TASK OBJECTIVE
Go through the listing below and repeat it exactly, dropping the pictures.

DATASET EXTRACT
......
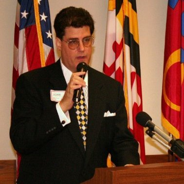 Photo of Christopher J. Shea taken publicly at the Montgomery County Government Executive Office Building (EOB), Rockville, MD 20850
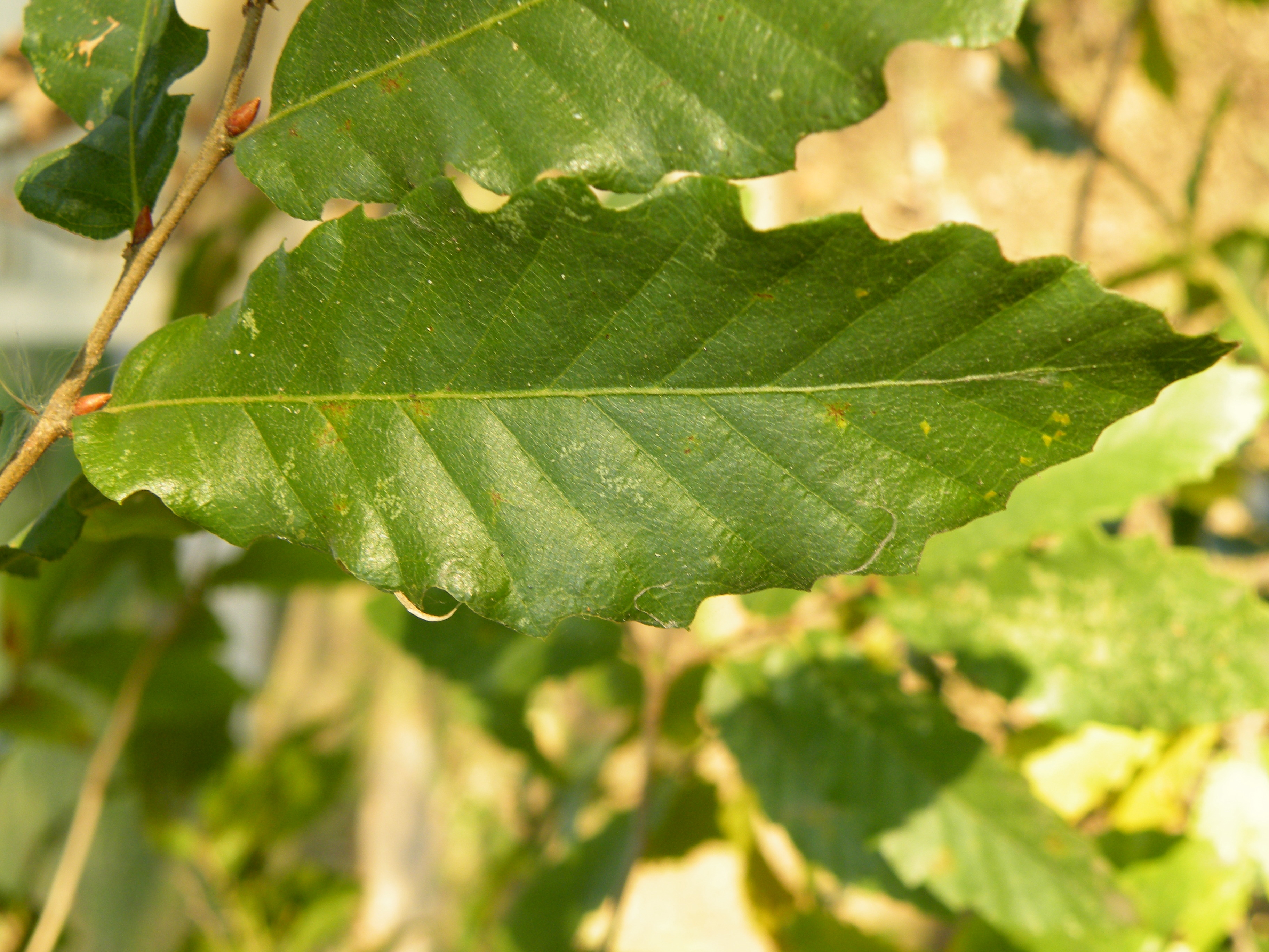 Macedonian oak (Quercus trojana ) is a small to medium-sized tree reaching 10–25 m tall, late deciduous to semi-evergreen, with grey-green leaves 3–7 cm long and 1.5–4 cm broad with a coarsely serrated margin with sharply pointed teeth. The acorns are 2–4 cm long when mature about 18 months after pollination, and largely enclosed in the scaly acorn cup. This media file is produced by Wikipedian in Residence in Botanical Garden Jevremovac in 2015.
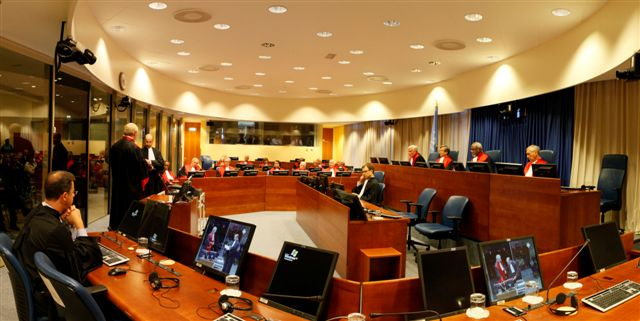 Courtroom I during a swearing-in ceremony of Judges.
......
ANSWER BOX
 Photo of Christopher J. Shea taken publicly at the Montgomery County Government Executive Office Building (EOB), Rockville, MD 20850
 Macedonian oak (Quercus trojana ) is a small to medium-sized tree reaching 10–25 m tall, late deciduous to semi-evergreen, with grey-green leaves 3–7 cm long and 1.5–4 cm broad with a coarsely serrated margin with sharply pointed teeth. The acorns are 2–4 cm long when mature about 18 months after pollination, and largely enclosed in the scaly acorn cup. This media file is produced by Wikipedian in Residence in Botanical Garden Jevremovac in 2015.
 Courtroom I during a swearing-in ceremony of Judges.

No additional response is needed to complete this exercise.